By William Davis
Question: What do the current Prime Minister of Australia, the former governor of California, and future federal funding for UC Berkeley have in common? Hint: messages from the White House in a limited number of characters.
Yep, all three have been subjects of at least one tweet from President Trump over the last few days. Of course, so have lots of other folks. It’s turning out that the president uses Twitter almost daily to communicate with the American people, effectively making the microblogging site his personal communication platform. Must be gilded times for the social media giant.
“Friendstalker” was one of the early names considered for Twitter
Or not. Even with the media effectively functioning as a giant – and free – marketing vehicle, Twitter Inc. just posted its 10th consecutive quarter of lower revenue. The company is, in fact, losing money. More accurately, still losing money.
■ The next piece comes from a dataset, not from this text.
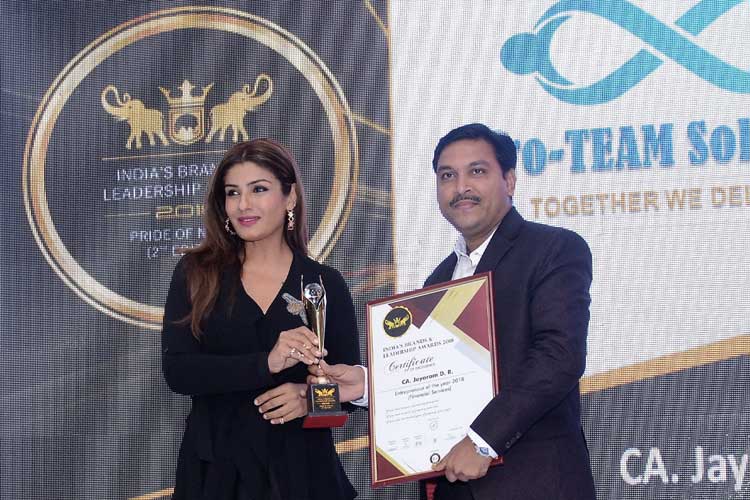 Our CEO, Mr. CA Jayaram D R, a respected leader with extensive expertise in accounting and finance, was honored with the “Entrepreneur of the Year 2018” award at the India’s Brands and Leadership Awards, held in May 2018 at Leela Ambience, Gurgaon. The award, presented by renowned Bollywood actress Mrs. Raveena Tandon, recognizes his visionary leadership, professional excellence, and significant contributions to the accounting and business consulting sectors. This achievement reflects the strong foundation of Pro-TEAM Solutions, driven by a mission to deliver high-quality services with complete accountability, efficiency, and reliability across locations. Supported by a specialized and dedicated team, we consistently deliver excellence in every engagement, strengthening our market position year after year.

Despite having some 310 million monthly users – almost the same as the U.S. population – Twitter hasn’t minted any quarterly gold since going public in 2013.
Twitter’s bird is called Larry
Worse, CEO Jack Dorsey, who returned to Twitter’s helm in October 2015 to recharge its stalled user and revenue growth, told investors last week that profitability in 2017 will be “challenging” as advertising revenue looks increasingly at risk. Meanwhile, Twitter’s biggest competitor, Facebook, is widening its lead, and another rival is coming up fast from behind: Snap Inc., expected to go for the public gold this year.
44% of registered Twitter users have never tweeted
It’s being said that the best outcome for Twitter is a takeover. Maybe, but one way or the other, growth and profits will be increasingly hard to mine. Said another way, and in less than 140 characters: If Twitter can’t benefit from a phenomenon like Donald Trump, it’s probably not gonna’ benefit from much of anything.
What the markets have been doing…
Stocks rose slowly and steadily across the period, carrying nearly all the major indexes to new highs. Along the way, the most important benchmark of the bunch, the S&P 500, established an all-time record for consecutive trading days without a daily swing of over 1%, extending its run to 39 by Friday’s close.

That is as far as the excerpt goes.